As hotels get ever more desperate to invent new niches to lure customers, we've have been hearing a lot about the "girlfriend getaway," vacations women take with just their girlfriends.

I confess I don't entirely get why we need the concept. Fun things to do are universal. Often, these packages include spa treatments, free cosmos, or something like that, which strikes me as more than a little sexist -- as if it's only women who like massages, and as if Carrie and Samantha would have no interest in, say, museums.

But whatever. Here's a woman-skewed concept that seems to have a place. The Naumi, a luxury hotel in Singapore, has launched a female-only wing for women guests. The concept, secured by private key-card access, reeks of boutique styling, complete with fancy Aesop skin care products, aromatherapy frills, and an entirely female staff. Since its introduction, staff says, the rooms have been at 80% occupancy, which isn't bad for a hotel, especially one charging $420 to $600 a night.

So far, the women-only zones are mostly confined to properties in Asia, Australasia and in Arab countries (such as this one in -- surprise -- Saudi Arabia), where presumably there are more women who prefer segregation for religious or privacy reasons. But the luxury execution goes way beyond simply providing a safe space. In fact, a manager at the Naumi says a big chunk of his clientele is women on shopping trips -- Singapore, a tiny city-state that is practically one big mall, is particularly attractive to the long-distance spree set. But women executives, too, not normally known for being timid, are also indulging in the new concept.
As with so many truly catchy trends, this one seems to have bubbled up from the low-budget front lines. Hostelling International has segregated by gender for years, even as independently run hostels often mingle the sexes in the same dormitories. That's a big reason why HI is favored by school groups and parents sending their little ones on their first big foreign trip.

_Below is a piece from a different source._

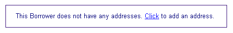 If the CLM does not contain any address information for the borrower, the pop-up window contains an informational message, as shown in the example below. From this window the user can only Add a new address.

The turning point, though, came in the early '00s when stylish Base Backpackers, a super-budget hostel chain in Australia and New Zealand, created a girls-only wing for its properties. Base was savvy enough not to simply cordon off the femme zone with a fire door. It gave the area a swishy name, Sanctuary, and without charging the girls more than the boys, gave them luxury-imitating amenities like sheets with high thread counts and fat bath towels. The result? Base mushroomed from a couple properties to a dozen today.

Would women-only areas of hotels fill up in the West, where genders are more integrated? So far, the idea isn't ruling the zeitgeist. Last year, a Marriott in Grand Rapids tried it, prompting fire truck-chasing lawyer Gloria Allred to cry discrimination. Three years ago, the Grange City Hotel in London gave it a try, but today, its website makes no mention of any specialized areas for the ladies. But who knows? Maybe it will switch back after girlfriend getaways sweep the nation. I suspect that will be a mighty long wait, though.